More states in Africa seem keen on joining the global Islamic finance sector, which is projected to be worth $2 trillion by the end of 2014. According to Moody’s Investors Service, global issuance of sovereign Islamic bonds – also known as “sukuk” – is expected to increase 30 percent in 2014 to reach $30 billion.
In September 2014, South Africa sold its first-ever sukuk at a record low borrowing cost. The $500 million 5.75-year sukuk has been launched at a yield of 3.9 percent. Almost 60 percent of investors participating in the deal are from the Middle East. BNP Paribas SA, KFH Investment, and Standard Bank Group Ltd. reportedly arranged the sale.
Other sub-Saharan states have made or contemplated similar moves recently. In June 2014, Senegal raised $208 million through its first sukuk. Also, it has been reported that sukuk is part of Nigeria’s strategic framework through 2017. And Kenya may offer sukuk to broaden its investor base.

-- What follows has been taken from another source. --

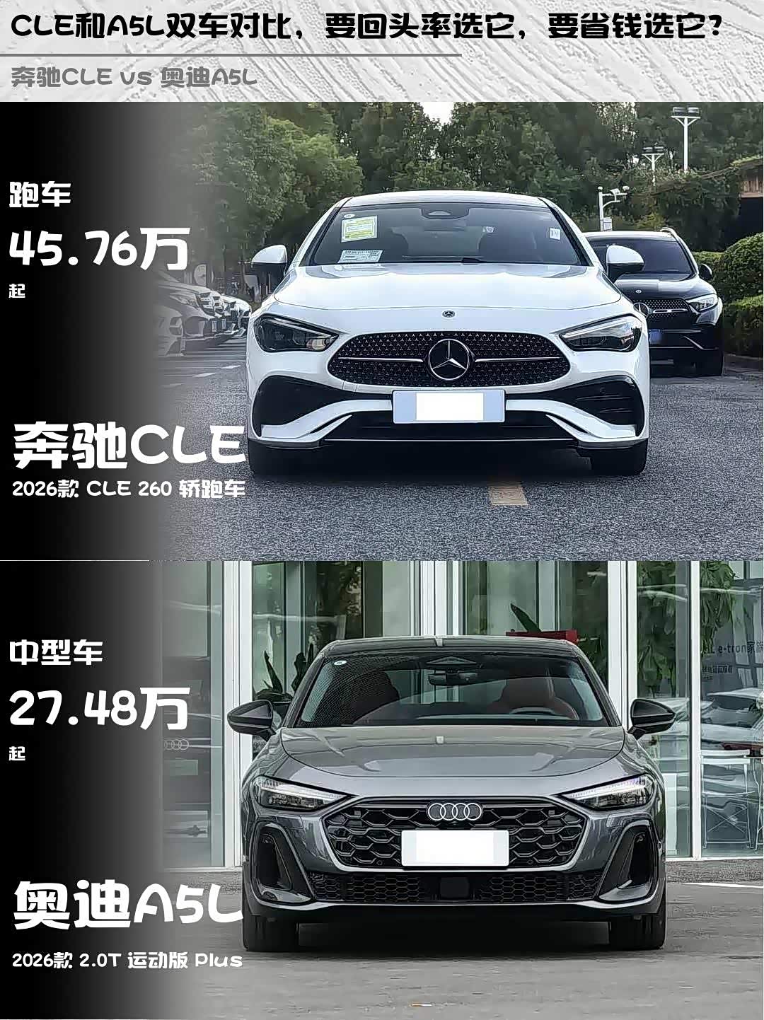 奔驰CLE(参数|询价) 2026款 CLE 260 轿跑车 vs 奥迪A5L 2026款 2.0T 运动版 Plus,这两台德系豪华车该怎么选?🤔 最近陪朋友看车,深度体验了这两台车,分享一下真实感受!

Islamic finance also has gained traction in North Africa, where states have introduced new regulations as they seek alternative funding. In July 2014, Tunisia passed a new law allowing the issuance of sukuk. In June 2014, Morocco’s lower house of parliament approved an Islamic banking bill. Now before the country’s upper house of parliament, the bill is being evaluated by Morocco’s Economic, Social and Environmental Council (CESE), which offered revisions in August 2014. Egypt has been keen on tapping into the sukuk market, but its sukuk law has stalled since 2013. The government reportedly plans to submit a revised draft law to the new parliament which may be elected later this year. According to Standard & Poor’s, the use of sukuk could help diversify investors’ base for some of the projects currently underway or in development for North Africa, including renewable energy, transport infrastructure, and communications. Still, the process is expected to be gradual.
As Africa creates its own footprint in the Islamic finance sector, it may see several new investors and opportunities in the years ahead.